WHAT THIS TASK INVOLVES: Repeat the data below exactly, dropping any pictures it holds.

SOURCE DATA:

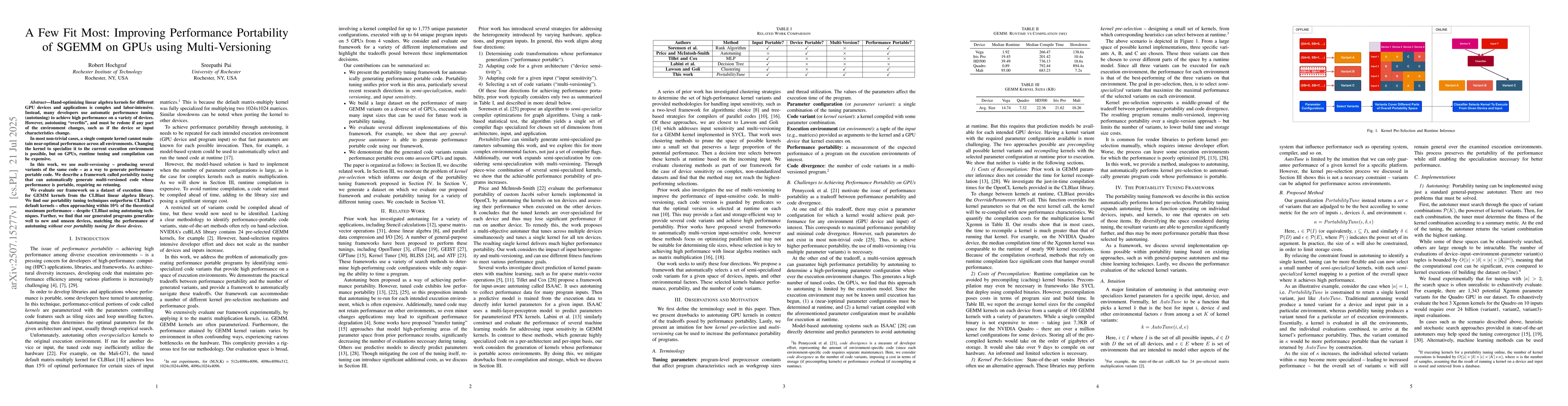 Hand-optimizing linear algebra kernels for different GPU devices and applications is complex and labor-intensive. Instead, many developers use automatic performance tuning (autotuning) to achieve high performance on a variety of devices. However, autotuning "overfits", and must be redone if any part of the environment changes, such as if the device or input characteristics change. In most non-trivial cases, a single compute kernel cannot maintain near-optimal performance across all environments. Changing the kernel to specialize it to the current execution environment is possible, but on GPUs, runtime tuning and compilation can be expensive. In this work, we use multi-versioning -- producing several variants of the same code -- as a way to generate performance portable code. We describe a framework called portability tuning that can automatically generate multi-versioned code whose performance is portable, requiring no retuning. We evaluate our framework on a dataset of execution times for GEMM kernels from the CLBlast linear algebra library. We find our portability tuning techniques outperform CLBlast's default kernels -- often approaching within 10% of the theoretical maximum performance -- despite CLBlast using autotuning techniques. Further, we find that our generated programs generalize well to new and unseen devices, matching the performance of autotuning without ever portability tuning for those devices.
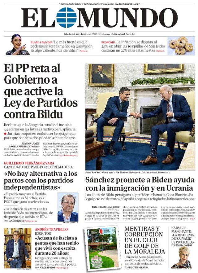 EL MUNDO: "El PP reta al Gobierno que active la Ley de Partidos contra Bildu": "Guillermo Fernández Vara: "No hay alternativa a los pactos con los partidos independentistas""; "Sánchez promete a Biden ayuda con la inmigración y en Ucrania"".
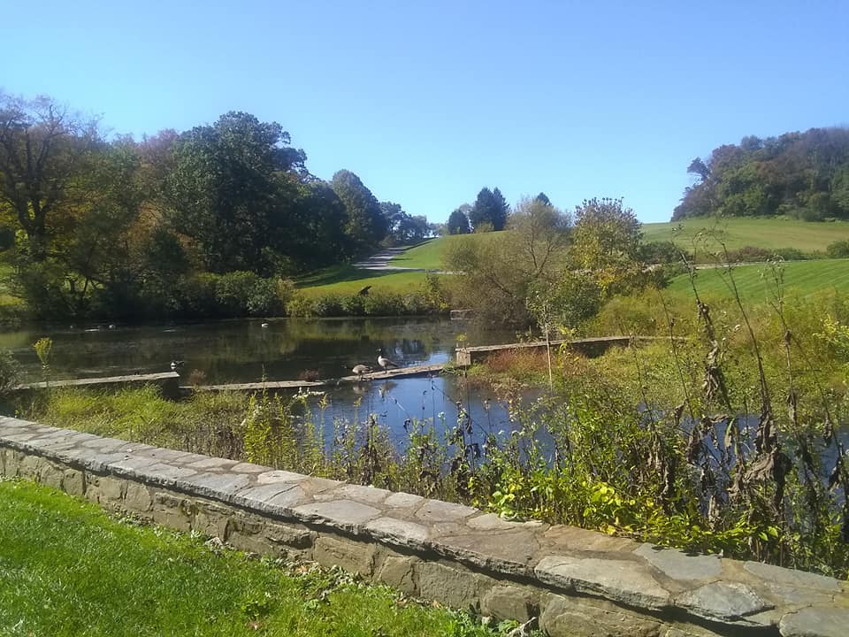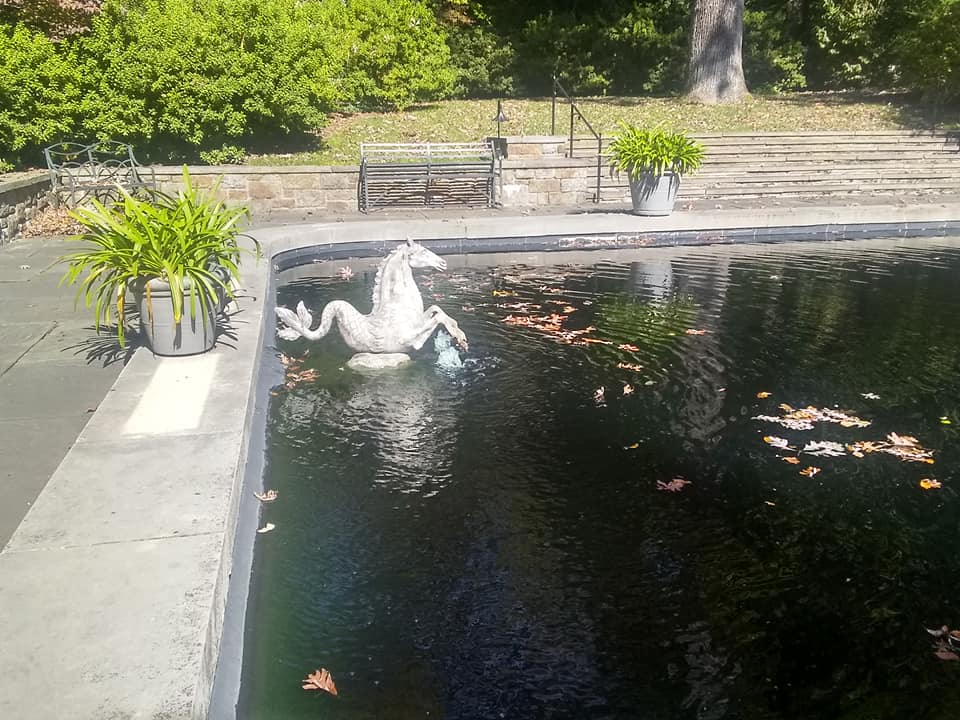I remembered that for many years my father-in-law would order his Christmas presents for the women in the family from a catalogue published by a place called WInterthur, the ancestral home of the DuPont family located outside Wilmington. I knew Winterthur had a museum, a historic home, and some gardens. Once I started my research I realized that even at the end of October the gardens would be spectacular. Winterthur has manicured displayed gardens, but also acres of natural areas, meadows with cattle grazing, ponds, trails, and wonderful diversions of all sorts. https://www.winterthur.org/ I found a lovely chain hotel with good COVID policies on the river in downtown Wilmington and they accepted pets. Wally and I stayed there two nights and spent the intervening day touring the grounds. Winterthur was named after a Swiss village of the same name and the complex has a decidedly European/English country garden feel to it. The museum, which of course was closed due to health policy restrictions, was the inspiration for many of the pieces of jewelry and garden sculpture that my father-in-law purchased as Christmas presents. Below are some pictures of WInterthur in the autumn.

FINISHED EXERCISE:
 Hand-optimizing linear algebra kernels for different GPU devices and applications is complex and labor-intensive. Instead, many developers use automatic performance tuning (autotuning) to achieve high performance on a variety of devices. However, autotuning "overfits", and must be redone if any part of the environment changes, such as if the device or input characteristics change. In most non-trivial cases, a single compute kernel cannot maintain near-optimal performance across all environments. Changing the kernel to specialize it to the current execution environment is possible, but on GPUs, runtime tuning and compilation can be expensive. In this work, we use multi-versioning -- producing several variants of the same code -- as a way to generate performance portable code. We describe a framework called portability tuning that can automatically generate multi-versioned code whose performance is portable, requiring no retuning. We evaluate our framework on a dataset of execution times for GEMM kernels from the CLBlast linear algebra library. We find our portability tuning techniques outperform CLBlast's default kernels -- often approaching within 10% of the theoretical maximum performance -- despite CLBlast using autotuning techniques. Further, we find that our generated programs generalize well to new and unseen devices, matching the performance of autotuning without ever portability tuning for those devices.
 EL MUNDO: "El PP reta al Gobierno que active la Ley de Partidos contra Bildu": "Guillermo Fernández Vara: "No hay alternativa a los pactos con los partidos independentistas""; "Sánchez promete a Biden ayuda con la inmigración y en Ucrania"".
I remembered that for many years my father-in-law would order his Christmas presents for the women in the family from a catalogue published by a place called WInterthur, the ancestral home of the DuPont family located outside Wilmington. I knew Winterthur had a museum, a historic home, and some gardens. Once I started my research I realized that even at the end of October the gardens would be spectacular. Winterthur has manicured displayed gardens, but also acres of natural areas, meadows with cattle grazing, ponds, trails, and wonderful diversions of all sorts. https://www.winterthur.org/ I found a lovely chain hotel with good COVID policies on the river in downtown Wilmington and they accepted pets. Wally and I stayed there two nights and spent the intervening day touring the grounds. Winterthur was named after a Swiss village of the same name and the complex has a decidedly European/English country garden feel to it. The museum, which of course was closed due to health policy restrictions, was the inspiration for many of the pieces of jewelry and garden sculpture that my father-in-law purchased as Christmas presents. Below are some pictures of WInterthur in the autumn.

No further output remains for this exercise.